Output exactly, in the material below, the lines from the one with "Among the coziest" through the one with "International Diesel Engine, Automatic". Omit all pictures.
(Data block Opens)
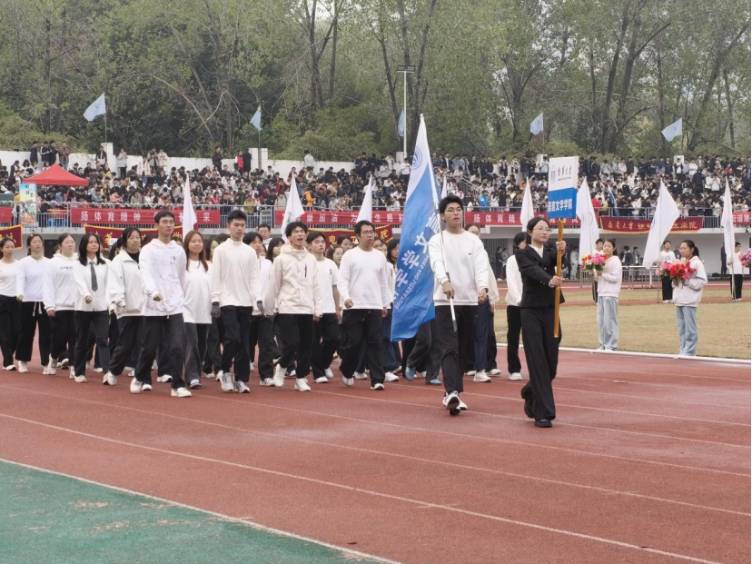 语言文学学院学子身着白衣黑裤的整齐服装,以饱满热情与昂扬姿态组成方阵亮相。伴随着音乐,他们迈着铿锵的步伐入场,精神抖擞、意气风发,嘹亮的“字里行间藏锐气,赛场内外展风华”口号回荡全场,彰显出文院学子文武兼修的精神风貌。方阵前方,蓝色院旗迎风飘扬,其上大字熠熠生辉,凝聚着全院师生的向心力,赢得现场观众阵阵喝彩。
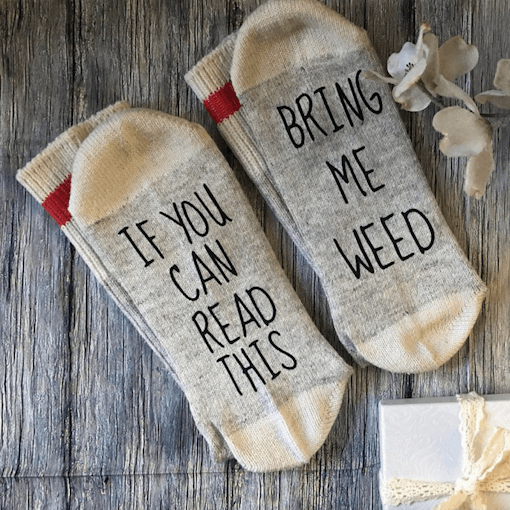 Among the coziest inclusions in our list of favorite comfy cannabis socks, these Bring Me Weed socks get the point across as soon as you put your feet up.
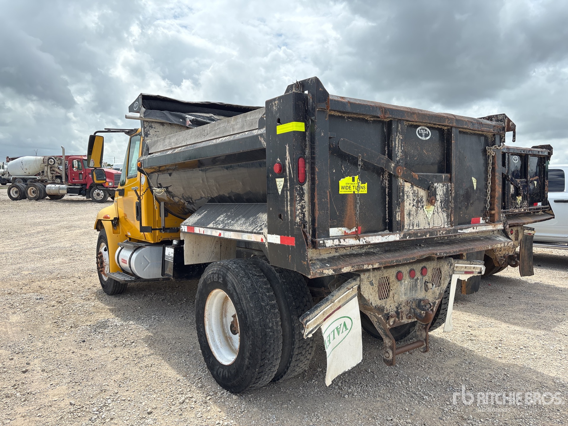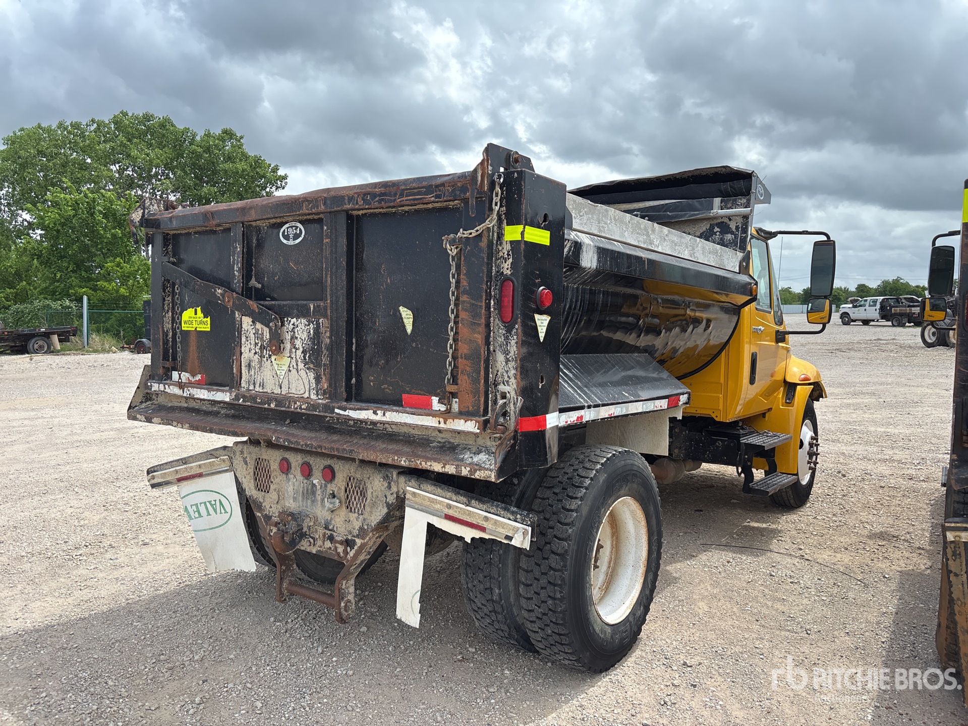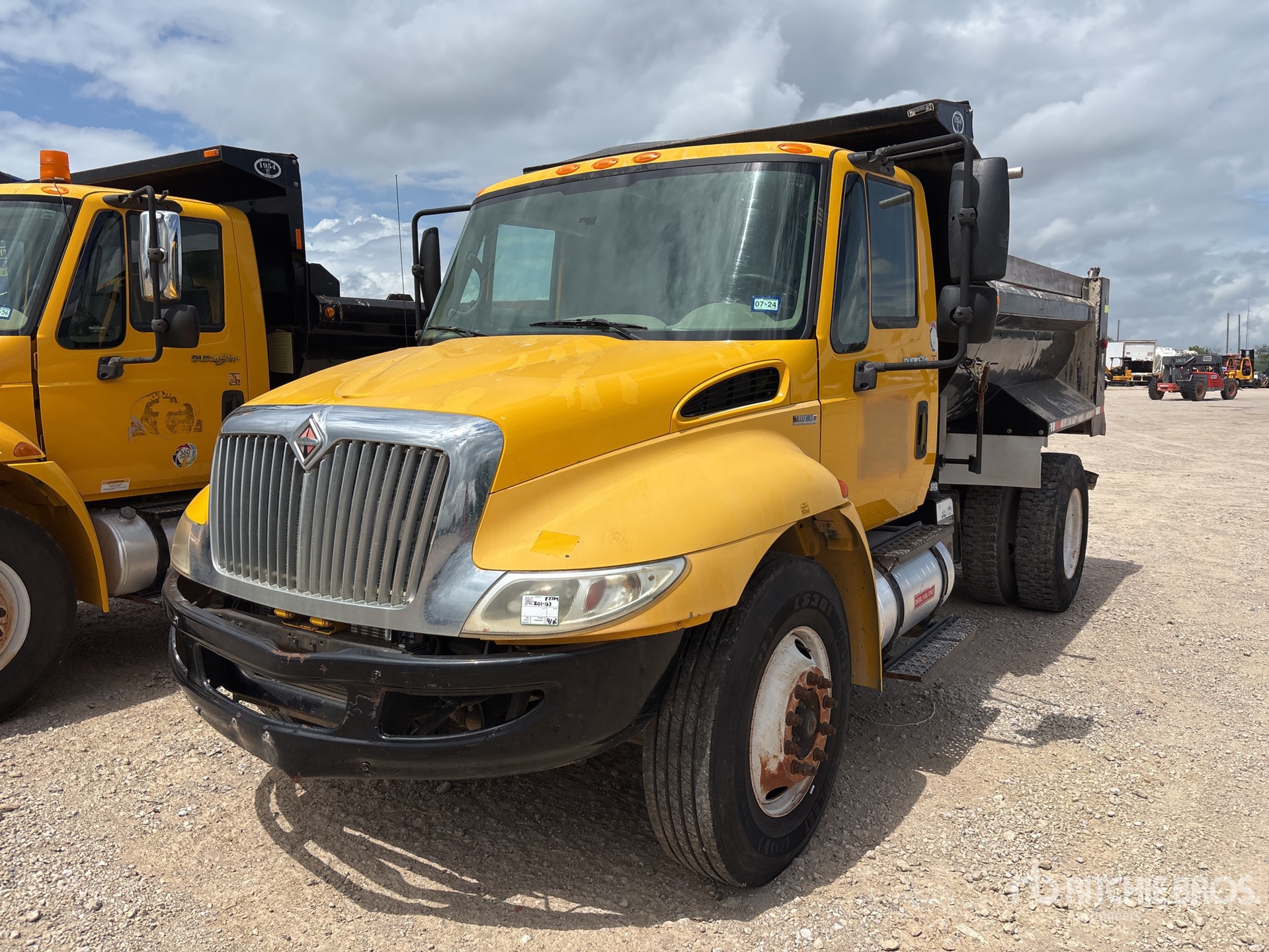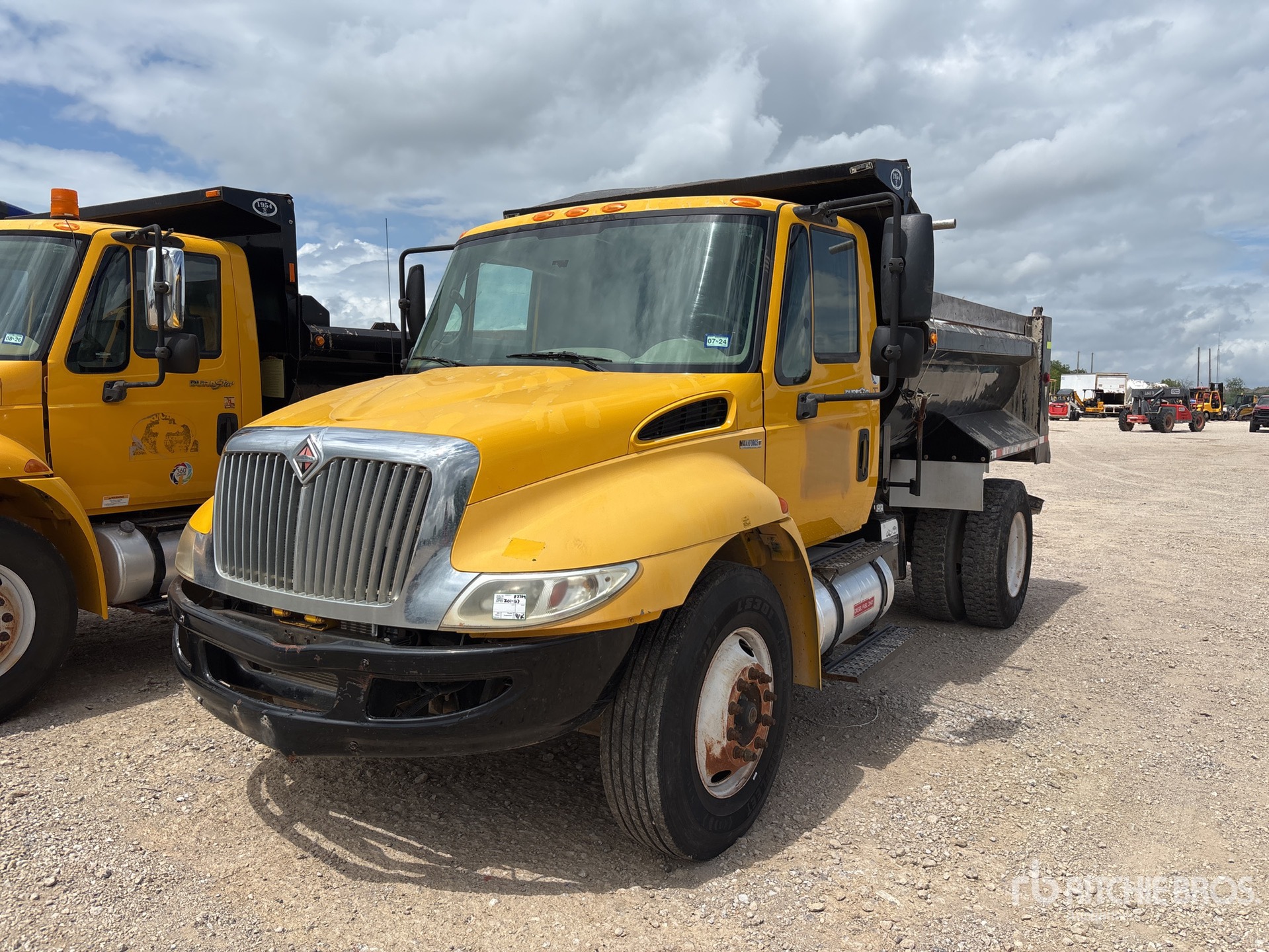 International Diesel Engine, Automatic Transmission, 10000 lb Front Axle, 17500 lb Rears, 25999 lb GVWR, 11R22.5, Spring Suspension, 160 in Wheelbase, PTO, 9 ft Long x 3 ft 2 in High Body, Round Bottom, Manual Roll Tarp, Equipment from Big Creek Construction
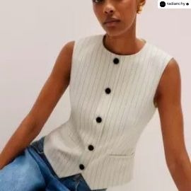 This outfit is all about confidence with a modern twist. The sleeveless buttoned vest brings sharp tailoring into play while keeping it fresh and light — perfect for warmer office days or when you want to skip the blazer but still look put together. The black wide-leg trousers balance the look with structure and elongate the legs, giving that sleek and professional silhouette.
(Data block Closes)
#### [Written solution]
 Among the coziest inclusions in our list of favorite comfy cannabis socks, these Bring Me Weed socks get the point across as soon as you put your feet up.
 International Diesel Engine, Automatic Transmission, 10000 lb Front Axle, 17500 lb Rears, 25999 lb GVWR, 11R22.5, Spring Suspension, 160 in Wheelbase, PTO, 9 ft Long x 3 ft 2 in High Body, Round Bottom, Manual Roll Tarp, Equipment from Big Creek Construction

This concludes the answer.